В такой вот частушке подчас больше мысли и чувств, чем во всех шлягерах, вместе взятых. А сын полка или же не участвовал в войне – что ж, все равно жаль гибнущую душу. Инвалид внезапно остановился, будто его дернули за полу, уставился на белокурого парня в синей спортивной куртке у окна. Мирошников тоже повернулся к парню и увидел его руки – да нет, это были не живые руки, а бело-розовые протезы, на безымянном пальце правого протеза – обручальное кольцо, и оно-то больше всего поразило Мирошникова. Да и сын полка, или кто там он, не отрываясь глядел на эти бело-розовые протезы вместо кистей. Парень сказал, хмурясь:

– Ну что уставился? Как и ты, инвалид… Служил в Афганистане.

– Володенька, не надо, – сказала сидевшая рядом с парнем девушка в расшитом полушубке и с открытой головой.

– Нет, надо! – Парень поиграл желваками и отвернулся к окну.

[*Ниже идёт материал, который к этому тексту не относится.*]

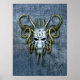 Esta máscara de guerra alienígena de cuernos es un espectáculo amenazante para ver, con su apariencia de cráneo y sus agudos picos metalizado sobresaliendo de su barbilla y sus cuernos de espiral de oro. Envuelto en un fondo gris, es un temible símbolo de poder y fuerza, apto para los guerreros más despiadados y hábiles.
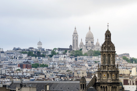 PARIS, FRANCE: Sacre-Coeur church, Paris citiscape view over the roofs with dramatic winter sky. France
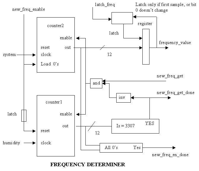There are 2 parts of the design in this portion which may need further explaining. The first one has to do with the the frequency value of the humidity sensor obtained. Imagine if the humidity is at 30.5%. Then, our output may be flopping between 30% and 31%, and our output on the display may not be readable, if it is rapidly switching between the 2 values. Also, since the system clock and humidity clock are not synchronous, then, even though the humidity is constant, the humidity count of counter1 could vary by a maximum of 1 for the constant humidity. This translates into a relative humidity change of 1% in our system as well. So again, the output may flop around between two values (eg. 30% and 31%). To solve this problem, we only record changes of 2%. Since humidity as a value which changes very slowly, a change greater than 2% will never occur between sample periods. This simplifies the design of this feature greatly. All we do is check the least significant bit of the frequency obtained from counter1. If this bit is the same as previously obtained, then we load the new value into the register. Note thus, that we record any even change (0 ,2, 4, 8 ..). This eliminates the changes of 1%, and again, since humidity changes very slowly, only changes of 2%, or 0% will be recorded. Noe also that we must ignore this feature if the sample is the very first one upon reset or powerup. To do this, we have a flip flop to output a 0 upon reset, until the first sample has occured. Then it is set to 1, and remains 1. The signal from this flip flop can be used to load the new frequency no matter what, it its output it 0.
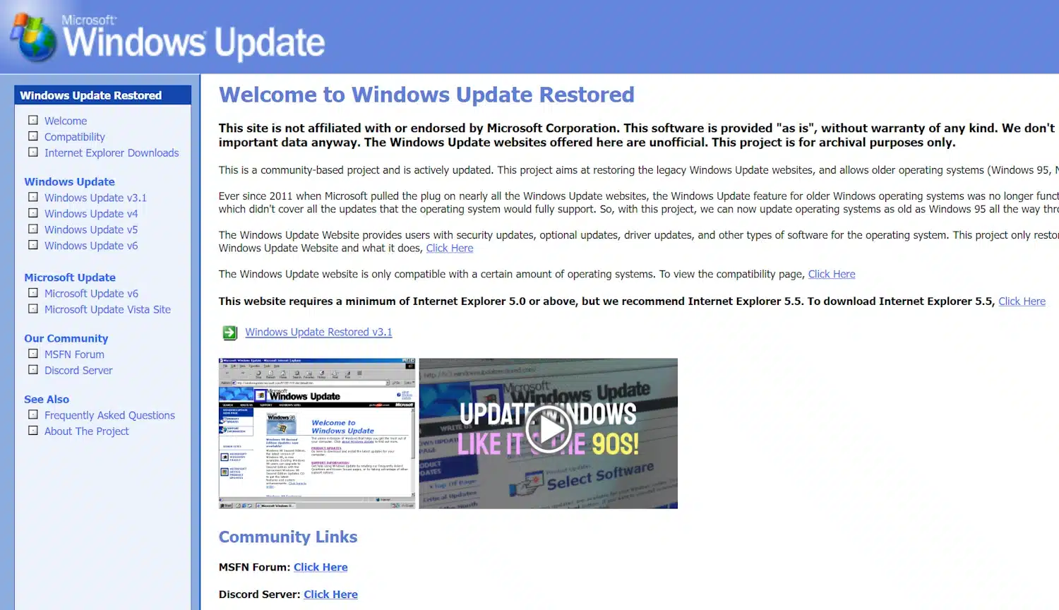 Windows Update Restored(链接)是一个由社区维护的网站,它专门为 Windows 的经典版本提供更新文件的下载。受到该网站支持的版本包括 Windows 95 、 Windows 98 、 Windows ME 、 Windows 2000 、 Windows XP 和 Windows NT 4.0 等。微软早就从官网删除了这些古老系统的更新。 Windows Update Restored 为希望继续运行这些版本的用户带来了福音。
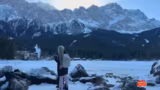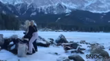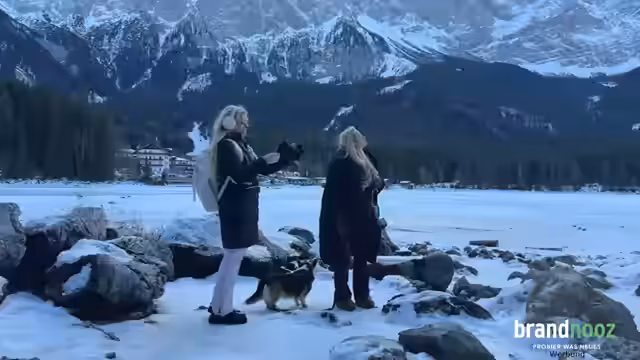02:27:26Die Streamerin und ihr Begleiterin spazieren am Ufer des teilweise vereisten Eibsees. Das Eis ist instabil und es gibt schon Löcher, was als gefährlich eingestuft wird. Der Hund Gnocchi ist aufgeregt und zieht an der Leine. Die Beschaffenheit des Bodens ist eisig und rutschig, besonders ohne festes Schuhwerk. Die Streamerin versucht, den Hund in Schach zu halten und gleichzeitig die atemberaubende Aussicht auf den Berg und das Wasser einzufangen. Die Begeisterung über das winterliche Panorama ist groß.
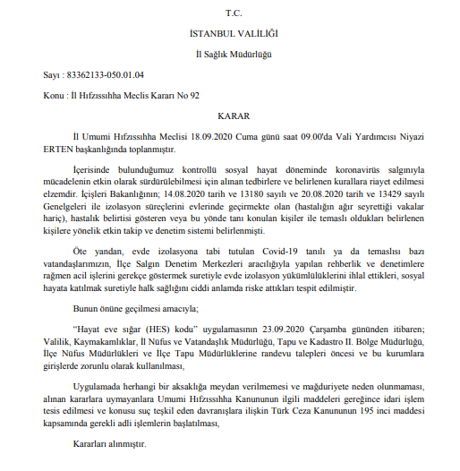 İstanbul Valiliği'nin internet sitesinden yapılan yazılı açıklamada İl Umumi Hıfzıssıhha Meclisi'nin aldığı karara göre 23 Eylül Çarşamba gününden itibaren Hayat Eve Sığar (HES) kodu kullanımı; Valilik, Kaymakamlıklar, İl Nüfus ve Vatandaşlık Müdürlüğü, Tapu ve Kadastro II. Bölge Müdürlüğü, İlçe Nüfus Müdürlükleri ve İlçe Tapu Müdürlükleri’ne randevu talepleri öncesi ve bu kurumlara girişlerde zorunlu hale getirildi.

Мирошников вглядывался в его резкие, волевые черты. Нет, такой не пропадет, молодец. Сын полка зашагал дальше. Мирошников смотрел ему вслед. А этого спасать надо. Но как? И кто будет спасать? Кому такой нужен? Ясно же, что он одинок, как бездомная собака. И задумывается ли о своей судьбе? Мирошников бросил в протянутую шапку двадцатикопеечную монету, инвалид снисходительным кивком поблагодарил, пошел в другой вагон.

– Он же все пропьет, – сказала Маша.

– Пропьет, – ответил Мирошников и вздохнул.

В эти минуты он как бы шел вослед за инвалидом, обгонял его, заглядывал в глаза, пытаясь угадать, задумывается ли тот о своей судьбе? Если да, то еще возможно спасение. Каждый человек должен задумываться о своей судьбе. Задумайтесь все едущие со мной в одном вагоне! Я хочу вам всем добра. Как и себе. И расслабляющая, щемящая жалость к себе и людям возникла в нем, не отпускала, то усиливаясь, то слабея.

Сын прильнул к окошку, Вадим Александрович тоже посмотрел сквозь стекло: разворачивались сосны, березы и ели, продрогшие, зимние, будто пригорюнившиеся над своей судьбой. Почти как иные из людей, у кого жизнь не задалась. А у него задалась. А почему же нет? В общем и целом. И перестань заниматься рефлексиями, сказал себе Вадим Александрович, почитай-ка газетку. Он достал «Известия», начал читать сводку Центрального статистического управления. Там, где дела шли хорошо, ЦСУ мажорно уведомляло: план перевыполнен, там же, где положение было неважное, фигурировала формула: недовыполнили. Как это понимать? Не выполнили – так и скажите. А то ведь казуистика: недовыполнили…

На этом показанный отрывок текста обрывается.